# Well look who stumbled back in...



## sand flea (Oct 24, 1999)

After many years of being a great moderator for the Florida board, Kozlow has decided to bow out. Thanks for all your great years on the board. I hope to fish with you one day.

Taking his place is the inimitable emanuel, who moderated the SC/GA board for several years until Railroader took over.
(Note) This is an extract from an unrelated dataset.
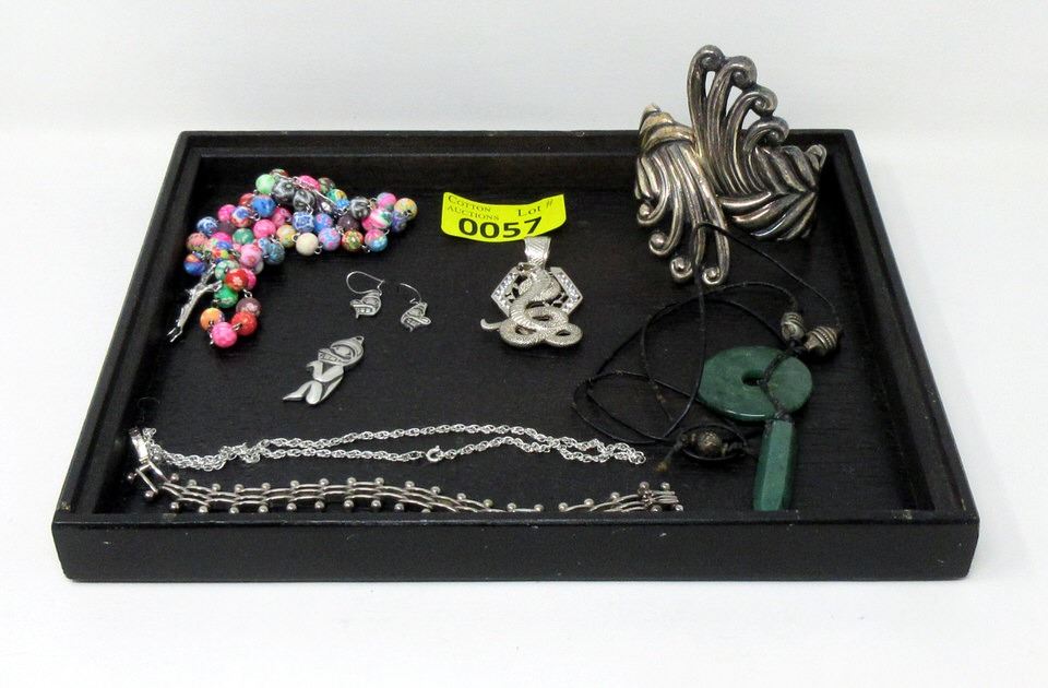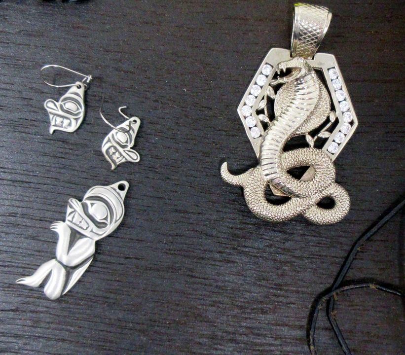 Jade necklace, Mexican .925 cuff bracelet, pewter First Nations jewelry, Large Cobra Pendant with Crystals (1.5" x 2") and .925 bracelet.

Much as he slides down the bar stool every night, emanuel has slid down the coast into the Sunshine State. Please give him a warm welcome.


----------



## Railroader (Apr 13, 2005)

Welcome back E-man!!!


----------



## emanuel (Apr 2, 2002)

Hahahahaha... And people wonder why I spend so much time on this board. It's all the love.


----------



## Big Worm (Mar 29, 2005)

Yet another fearless leader.

Still late night dollar bill trolling?


----------



## emanuel (Apr 2, 2002)

I was, but then I met someone who put a temporary stop to that. I'm still trolling but I have to do the quick release trick, you know, snapping them off at boatside. It's like fishing for flounder and having to let each and everyone go.  

Then again, she's a cool girl and a navy e-6, so I need to behave myself.


----------



## Big Worm (Mar 29, 2005)

Tip top shape Capt  

Sounds nice. Go Navy!


----------



## rhorm (Mar 25, 2005)

Awesome! Emanuel was my GA moderator and now I'm moving to Naples FL in 2 weeks and he will be the FL mod. I'm finally un land locked I'll make sure to report on SW FL often as I will be there everyday. Looking forward to you moderating once again!! Maybe we can hook up soon!!!


----------



## VICIII (Apr 8, 2005)

congratz "E"....

Let me know when your getting to SI.


----------



## emanuel (Apr 2, 2002)

I might be down there Thursday or Friday. I found out I have an extra day off this week so I'll make sure I get down there.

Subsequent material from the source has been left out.